◆ **SUPPLIED MATERIAL**:
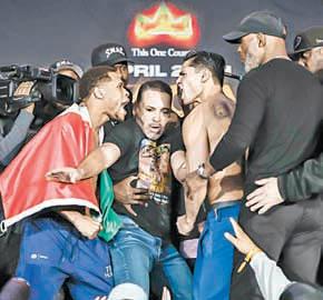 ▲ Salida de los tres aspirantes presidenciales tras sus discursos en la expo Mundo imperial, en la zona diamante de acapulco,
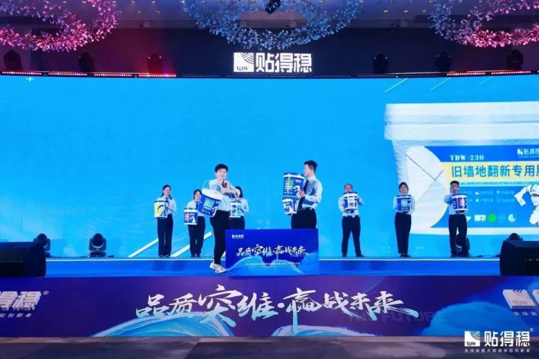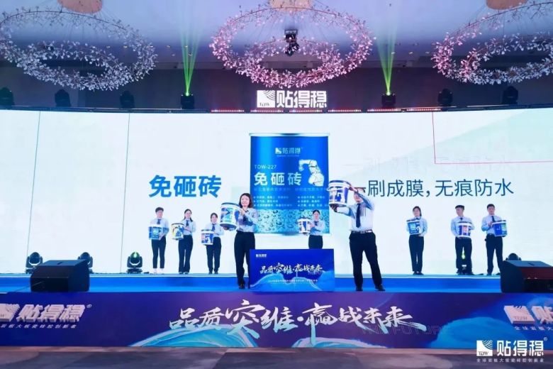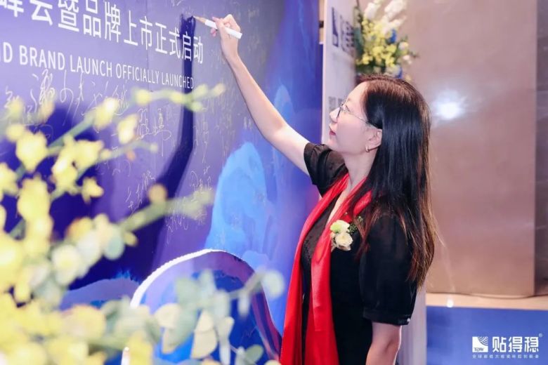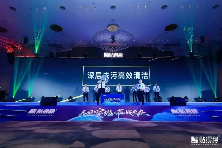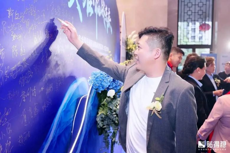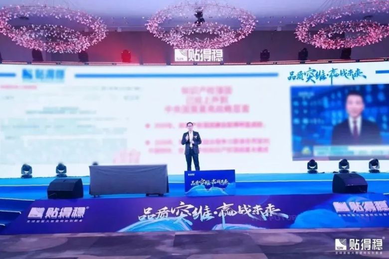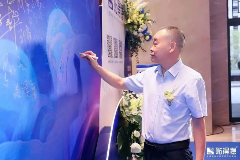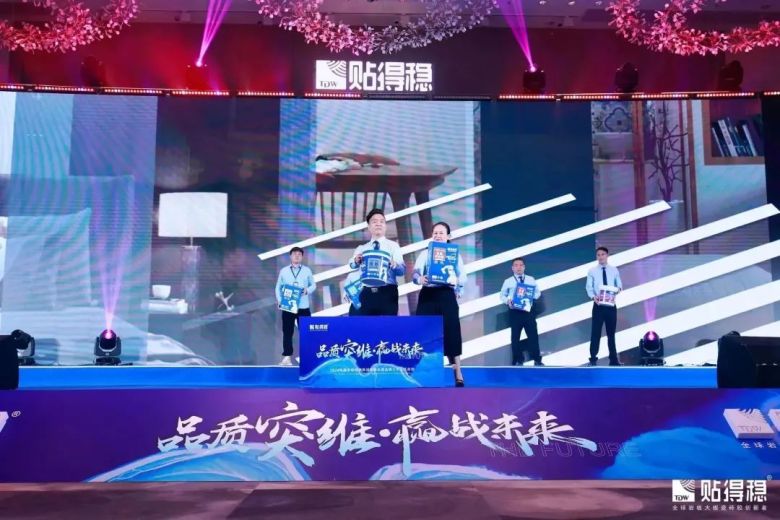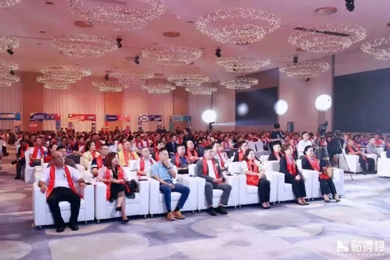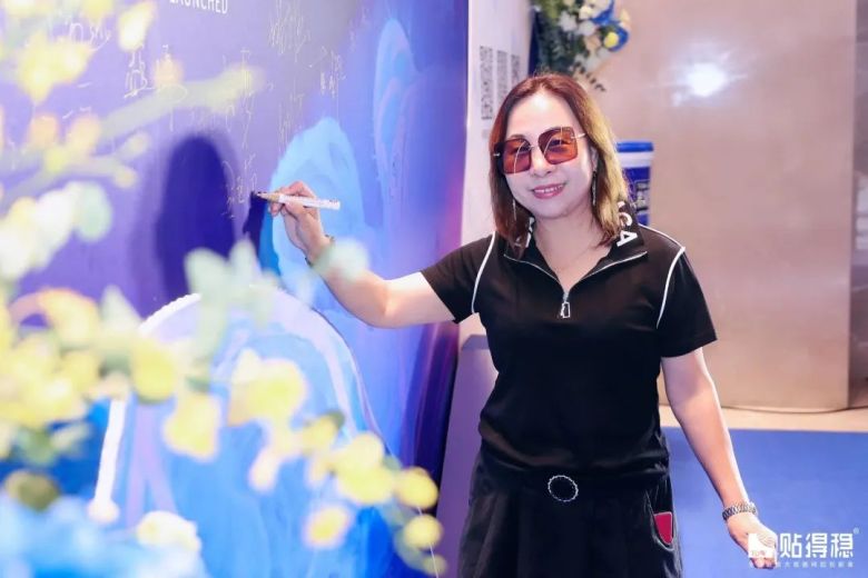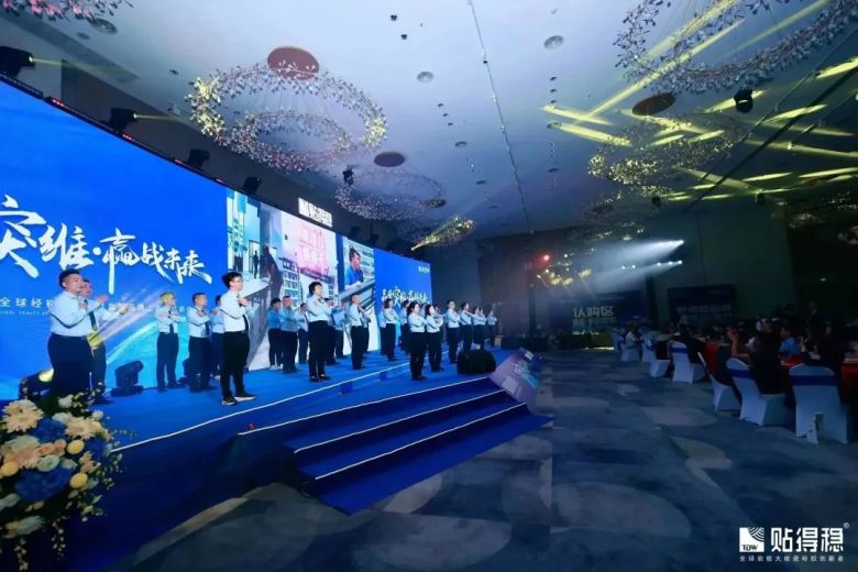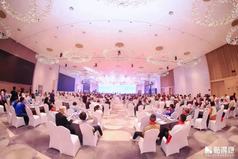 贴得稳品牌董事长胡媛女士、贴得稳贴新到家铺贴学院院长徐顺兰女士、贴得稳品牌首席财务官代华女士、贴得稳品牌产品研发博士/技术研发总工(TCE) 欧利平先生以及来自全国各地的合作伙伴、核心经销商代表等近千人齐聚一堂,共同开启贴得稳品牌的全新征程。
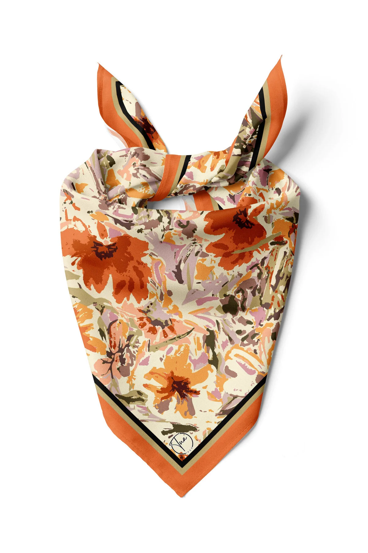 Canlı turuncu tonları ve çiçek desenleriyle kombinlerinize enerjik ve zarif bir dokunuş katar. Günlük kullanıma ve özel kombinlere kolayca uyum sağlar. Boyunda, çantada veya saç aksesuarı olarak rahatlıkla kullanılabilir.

◆ **DESCRIPTION OF THE TASK**: Pictures are not part of the copy. Restate everything else in the listing word for word.

◆ **ANSWER SPACE**:
 ▲ Salida de los tres aspirantes presidenciales tras sus discursos en la expo Mundo imperial, en la zona diamante de acapulco,
 贴得稳品牌董事长胡媛女士、贴得稳贴新到家铺贴学院院长徐顺兰女士、贴得稳品牌首席财务官代华女士、贴得稳品牌产品研发博士/技术研发总工(TCE) 欧利平先生以及来自全国各地的合作伙伴、核心经销商代表等近千人齐聚一堂,共同开启贴得稳品牌的全新征程。
 Canlı turuncu tonları ve çiçek desenleriyle kombinlerinize enerjik ve zarif bir dokunuş katar. Günlük kullanıma ve özel kombinlere kolayca uyum sağlar. Boyunda, çantada veya saç aksesuarı olarak rahatlıkla kullanılabilir.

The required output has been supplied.